ETB4
- Country: Spain
- Broadcast area: Basque Country
- Network: ETB
- Headquarters: Bilbao, Basque Country

Programming
- Picture format: 1080i HDTV

Ownership
- Owner: EITB
- Sister channels: ETB 1 ETB 2 ETB 3 ETB Basque

History
- Launched: 29 October 2014; 11 years ago
- Closed: 18 March 2026; 21 days ago
- Replaced by: ETB2 On

Links

Availability

Terrestrial
- Digital: Álava: Channel 45 Biscay: Channel 35 French Basque Country: Channel 33 Gipuzkoa: Channel 48

= ETB 4 =

ETB 4 (ETB Lau) was the fourth television channel from the Euskal Irrati Telebista group in the Basque Autonomous Community in Spain and the French Basque Country. The channel broadcast in Basque and Spanish.

==History==
In 2007, ETB announced the launch of ETB4, a channel in Basque and Spanish that would be dedicated to information and culture, in a similar way to La 2 and El 33, however, the project was discarded due to the 2008 financial crisis.
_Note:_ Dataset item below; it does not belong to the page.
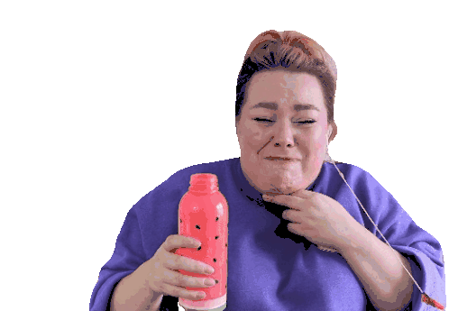 A woman in a purple top laughs and chokes on water, spitting it out with a humorous, distressed expression.

Instead of ETB 4, ETBK Sat was programmed, the new interim channel combined sports broadcasts with programs from ETB 1 and ETB 2 that were broadcast on ETB Sat.
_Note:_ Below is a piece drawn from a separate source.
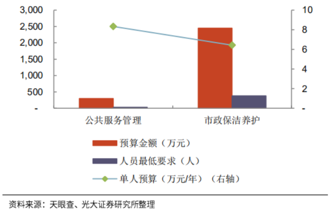 在珠海橫琴新區(qū)物業(yè)城市項目中,2020年前10個月,珠海大橫琴城市公共資源經(jīng)營有限公司當(dāng)年共承接項目金額3.9億元,其中市政環(huán)衛(wèi)、公共物業(yè)管理分別占比79%和19%。以天凝鎮(zhèn)全域化公共服務(wù)管理項目為例,主要分為市政環(huán)衛(wèi)和公服管理兩部分,而公共服務(wù)管理部分的預(yù)算金額和人員最低要求數(shù)量均為市政環(huán)衛(wèi)部分的10%左右。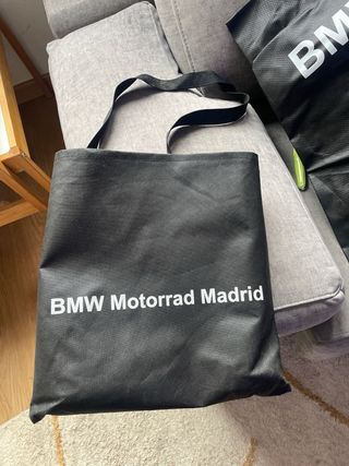 Funda protectora para moto de la marca BMW. - Diseño en color negro. - Logotipo de BMW Motorrad Madrid.

ETB 4 was launched on October 29, 2014, replacing ETBK Sat on the Basque Country without there being a previous announcement of the change of identity of the channel.

On March 16, 2026, it was announced that from March 18, the channel would change its name to ETB2 On, modifying its programming with a mix of content from the former ETB4, as well as from ETB2, including its news programs. Furthermore, from that same day, ETB2 On became the channel's fully Basque-language version, available on streaming platforms and the internet.

==Programming==
ETB 4 programming was based on entertainment, highlighting fiction, sports and reruns of ETB 1 and ETB 2 programs.